De DSI heeft bij de bestrijding van alle voorkomende vormen van ernstig geweld dan
wel terrorisme en in bijzondere gevallen de algehele leiding over de inzet van speciale
eenheden, met uitzondering van die gevallen waarin de AOE’en zelfstandig optreden.
De inzet gebeurt onder het gezag van het Openbaar Ministerie. Het stelsel van speciale
eenheden bestaat uit de AOE’en en de DSI. De DSI is een bijzondere bijstandseenheid,
zoals bedoeld in artikel 60 van de Politiewet 1993, en bestaat uit de Unit Interventie (UI), de Unit Expertise & Operationele Ondersteuning
(UE&OO) en de Unit Interventie Mariniers (UIM). Van deze laatstgenoemde unit ligt
het beheer bij het ministerie van Defensie.
Inzet van de DSI komt in principe pas aan de orde op het moment dat zich een situatie
voordoet die het geweldsniveau van de AOE’n overstijgt. Het geweldsniveau van de AOE’n
kan worden geduid als het aanhouden van verdachten indien redelijkerwijs mag worden
aangenomen dat levensbedreigende omstandigheden tegen de politie of anderen dreigen.
Dit gezien in de context van het beëindigen van een reguliere criminele situatie,
ongeacht eventuele verbanden met terroristische activiteiten, waarbij de kans op escalatie
op aard en omvang naar het geweldsniveau van de DSI als verwaarloosbaar wordt ingeschat.
Hierbij wordt opgemerkt dat de inzet van de DSI in plaats van de AOE’n, aangewezen
kan zijn vanwege de te verwachten maatschappelijke impact van de dreiging, ondanks
dat sprake is van een situatie die zich in principe beperkt tot het geweldsniveau
van de AOE’en.
Tot slot kan worden opgemerkt dat bij calamiteiten van terrorisme, buitensporig en/of
grootschalig geweld, of in bijzondere gevallen de AOE’en ter ondersteuning van de
DSI kunnen worden ingezet. De AOE’en die in gezamenlijkheid met de overige eenheden
van de DSI kunnen worden ingezet vallen in dat geval onder de algemene leiding van
het hoofd DSI. Het hoofd DSI wijst hierbij een operationeel commandant aan. In geval
van een inzet van de DSI bestaande uit de UE&OO, tezamen met een AOE, kan ook een
AOE chef door het hoofd DSI worden aangewezen als operationeel commandant in plaats
van het hoofd van de UE&OO. Dit zal bijvoorbeeld kunnen voorkomen wanneer een beperkt
aantal lange afstand precisieschutters ondersteuning verlenen aan een AOE en het zwaartepunt
van de inzet bij het optreden van de AOE ligt. De beslissing hierover ligt uitsluitend
bij het hoofd van de DSI, die de algehele leiding houdt tijdens de inzet.

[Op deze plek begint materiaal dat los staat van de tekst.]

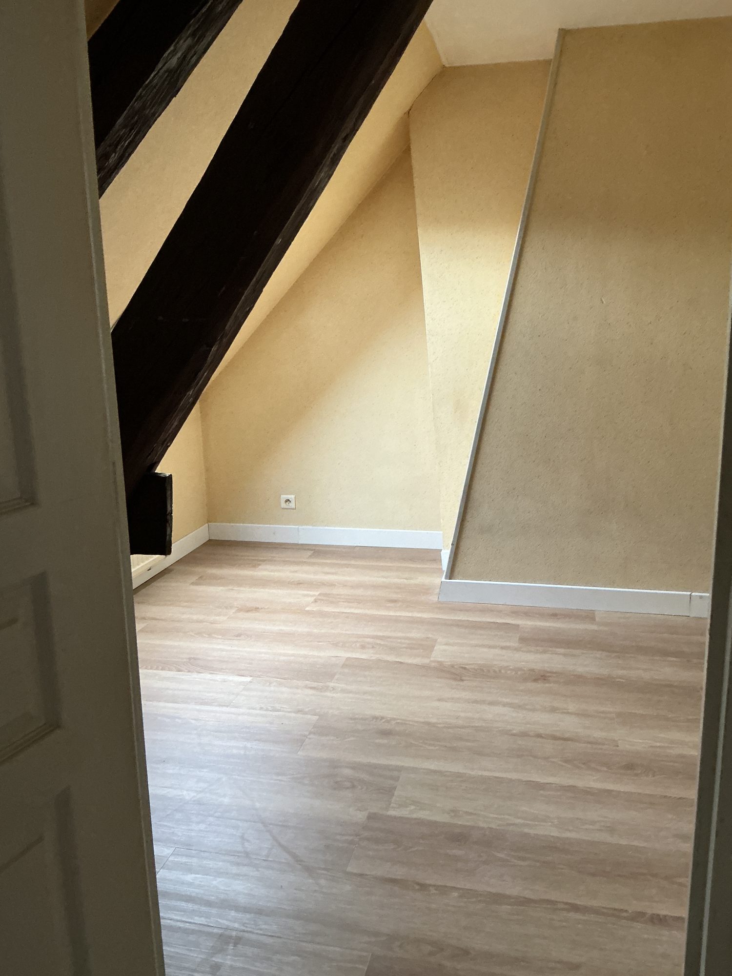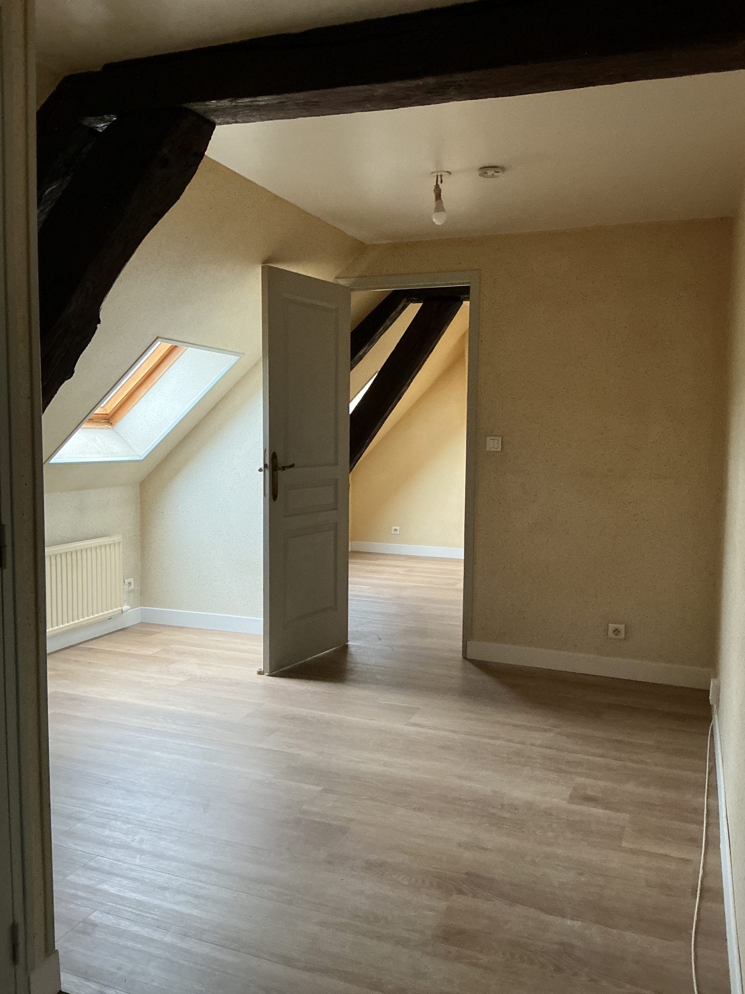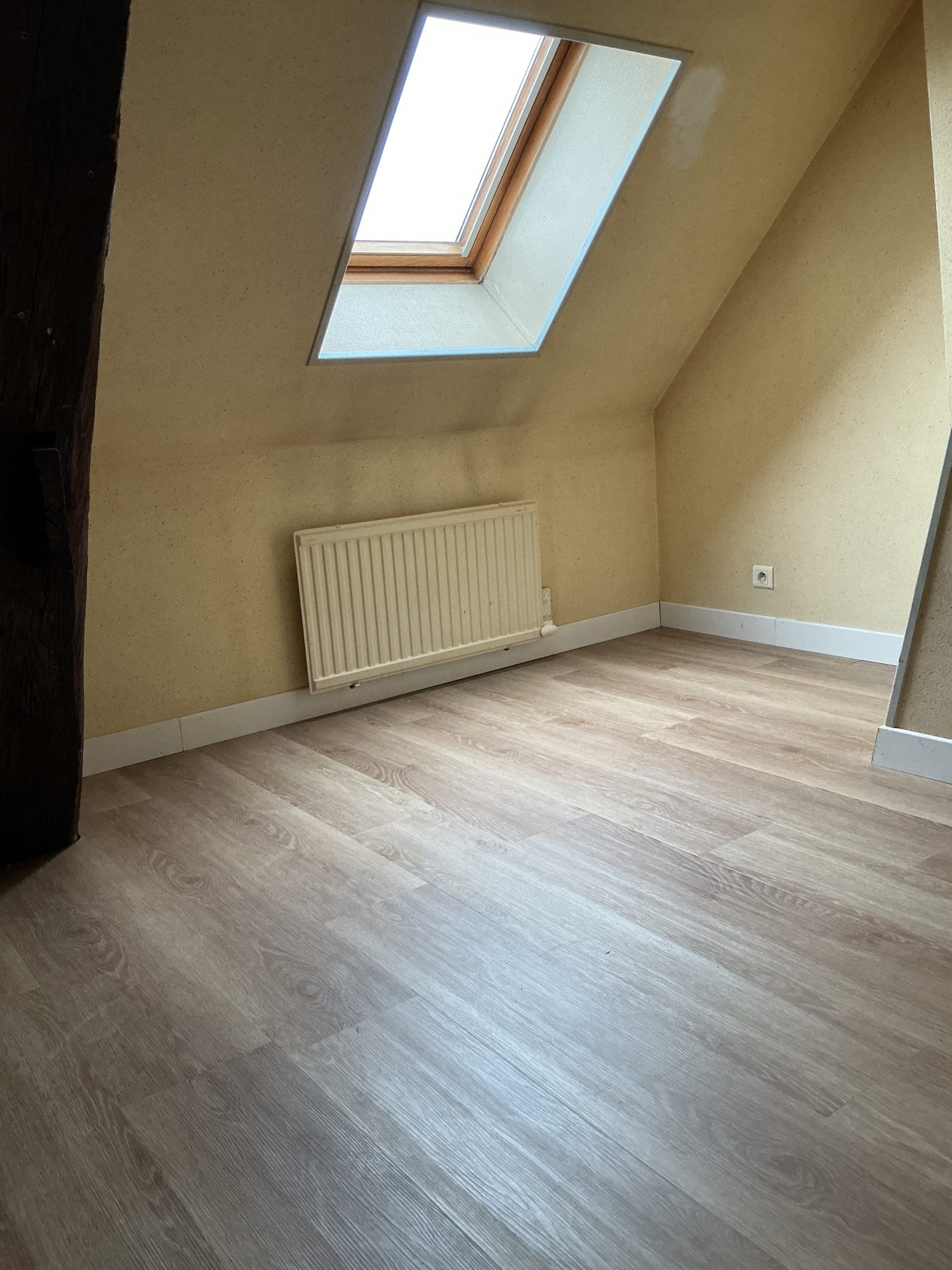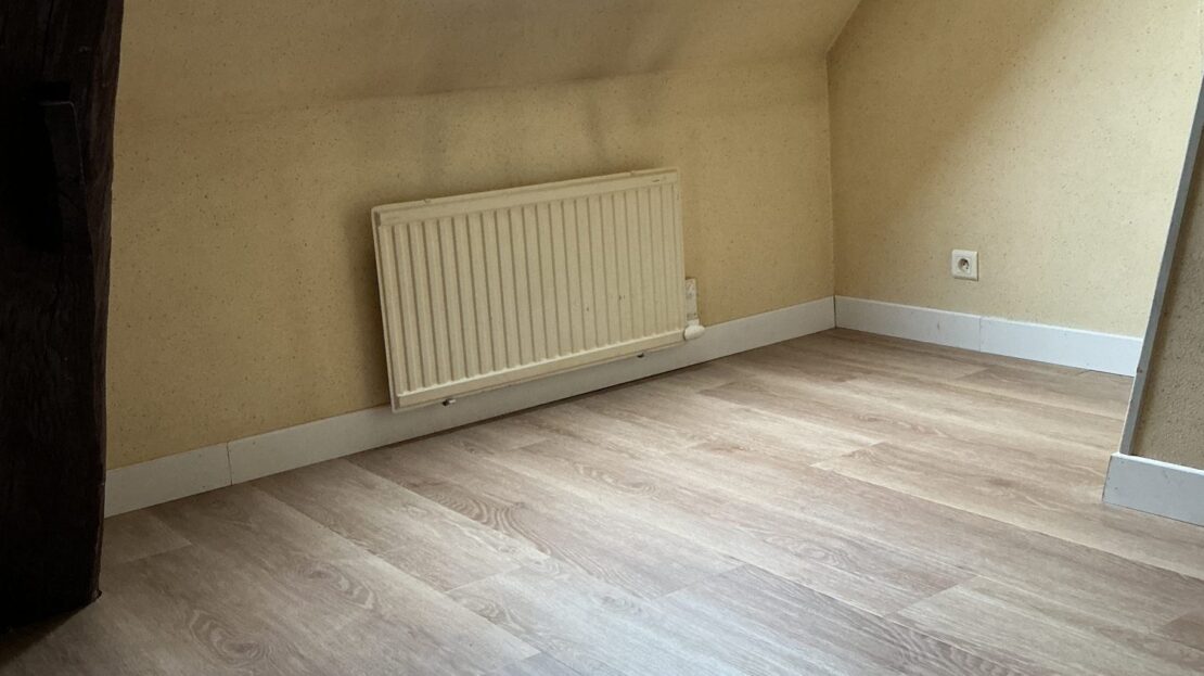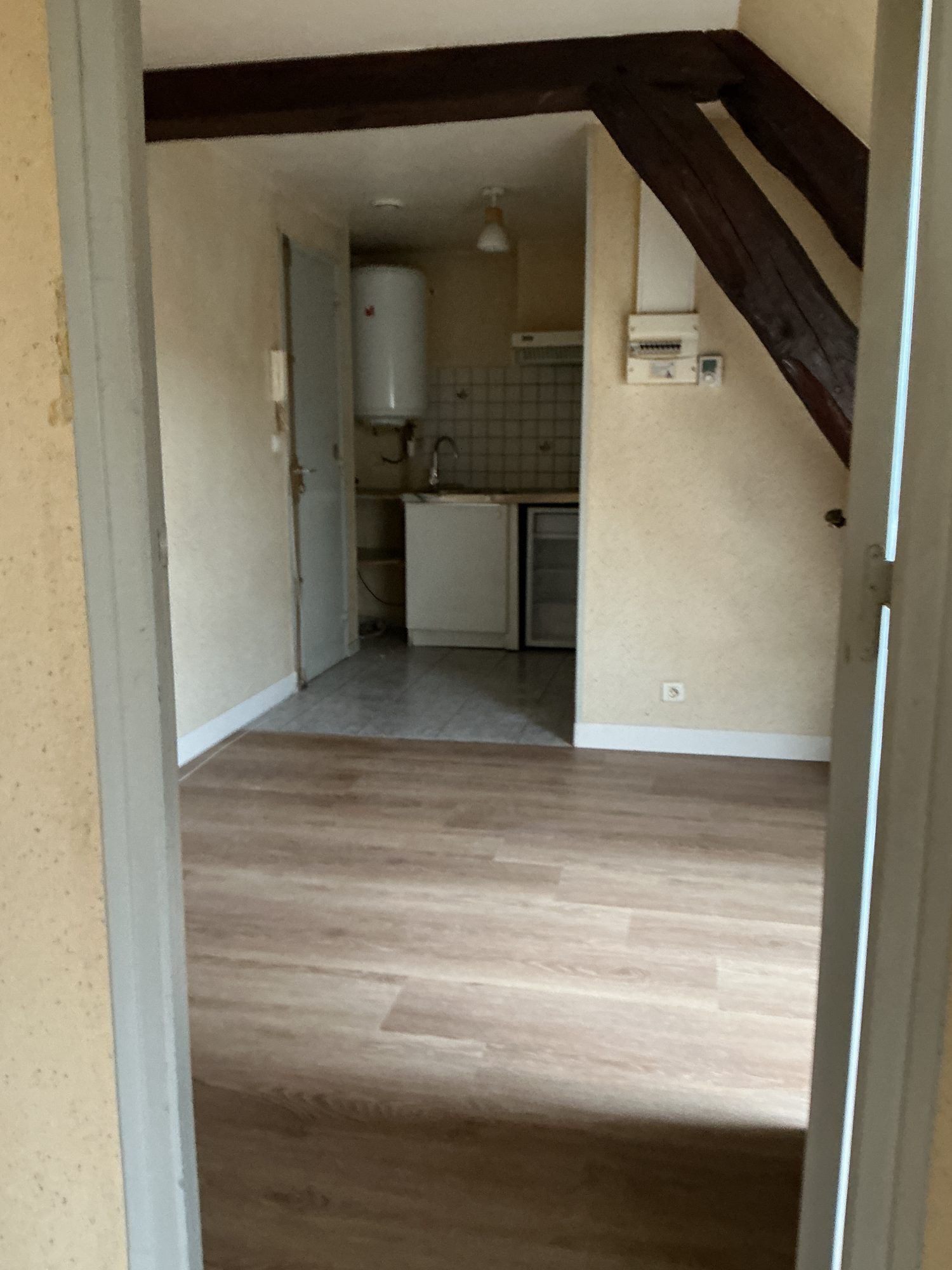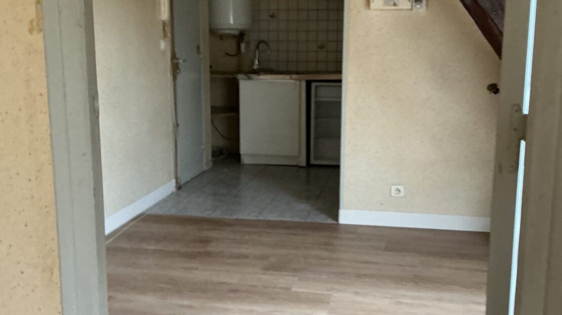 cuisine aménagée d’une plaque de cuisson induction et réfrigérateur et hotte aspirante, séjour parquet neuf, une chambre parquet neuf, salle d’eau avec wc et évacuation pour machine à laver

Op 11 februari 2009 is bij de DSI de AOE-KLPD ingesteld. Deze eenheid bestaat uit
personeel van de DSI maar betreft een zelfstandige juridische entiteit, wat feitelijk
meebrengt dat hetzelfde personeel op een verschillende rechtsgrond en met een andere
bewapening en uitrusting optreedt. Op uitvoeringsniveau zijn de benodigde afspraken
gemaakt, inhoudende dat het AOE-KLPD, via het uitvoeren van inzetten voor het landelijk
parket en het verlenen van assistentie aan andere AOE’n een gelimiteerd aantal inzetten
op jaarbasis uitvoert.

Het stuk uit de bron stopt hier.